This is part 6 on the Writing our own Cheat Engine series:

In part 5 we wrote our very own debugger. We learnt that Cheat Engine is using hardware breakpoints to watch memory change, and how to do the same ourselves. We also learnt that hardware points are not the only way to achieve the effect of watchpoints, although they certainly are the fastest and cleanest approach.

In this post, we will be reusing some of that knowledge to find out a closely related value, the pointer that points to the real value1. As a quick reminder, a pointer is nothing but an usize2 representing the address of another portion of memory, in this case, the actual value we will be scanning for. A pointer is a value that, well, points elsewhere. In Rust we normally use reference instead, which are safer (typed and their lifetime is tracked) than pointers, but in the end we can achieve the same with both.

Why care about pointers? It turns out that things, such as your current health in-game, are very unlikely to end up in the same memory position when you restart the game (or even change to another level, or even during gameplay). So, if you perform a scan and find that the address where your health is stored is 0x73AABABE, you might be tempted to save it and reuse it next time you launch the game. Now you don't need to scan for it again! Alas, as soon as you restart the game, the health is now stored at 0x5AADBEEF.

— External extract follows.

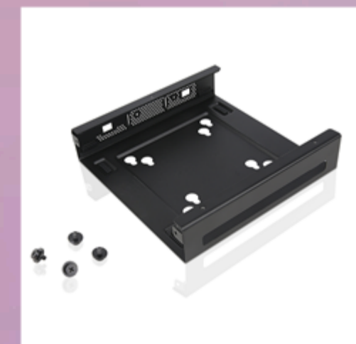
ThinkCentre Tiny VESA Mount II 4XFON03161

Please click here to view the full list of accessories.

Not all hope is lost! The game must somehow have a way to reliably find this value, and the way it's done is with pointers. There will always be some base address that holds a pointer, and the game code knows where to find this pointer. If we are also able to find the pointer at said base address, and follow it ourselves ("dereferencing" it), we can perform the same steps the game is doing, and reliably find the health no matter how much we restart the game3.

Code finder

Cheat Engine Tutorial: Step 6

In the previous step I explained how to use the Code finder to handle changing locations. But that method alone makes it difficult to find the address to set the values you want. That's why there are pointers:

At the bottom you'll find 2 buttons. One will change the value, and the other changes the value AND the location of the value. For this step you don't really need to know assembler, but it helps a lot if you do.

First find the address of the value. When you've found it use the function to find out what accesses this address.

Change the value again, and a item will show in the list. Double click that item. (or select and click on more info) and a new window will open with detailed information on what happened when the instruction ran.

If the assembler instruction doesn't have anything between a '[' and ']' then use another item in the list. If it does it will say what it think will be the value of the pointer you need.

Go back to the main cheat engine window (you can keep this extra info window open if you want, but if you close it, remember what is between the [ and ]) and do a 4 byte scan in hexadecimal for the value the extra info told you. When done scanning it may return 1 or a few hundred addresses. Most of the time the address you need will be the smallest one. Now click on manually add and select the pointer checkbox.

The window will change and allow you to type in the address of a pointer and a offset. Fill in as address the address you just found. If the assembler instruction has a calculation (e.g: [esi+12]) at the end then type the value in that's at the end. else leave it 0. If it was a more complicated instruction look at the calculation.

Example of a more complicated instruction:

[EAX*2+EDX+00000310] eax=4C and edx=00801234.

In this case EDX would be the value the pointer has, and EAX*2+00000310 the offset, so the offset you'd fill in would be 2*4C+00000310=3A8. (this is all in hex, use calc.exe from windows in scientific mode to calculate).

Back to the tutorial, click OK and the address will be added, If all went right the address will show P->xxxxxxx, with xxxxxxx being the address of the value you found. If thats not right, you've done something wrong. Now, change the value using the pointer you added in 5000 and freeze it. Then click Change pointer, and if all went right the next button will become visible.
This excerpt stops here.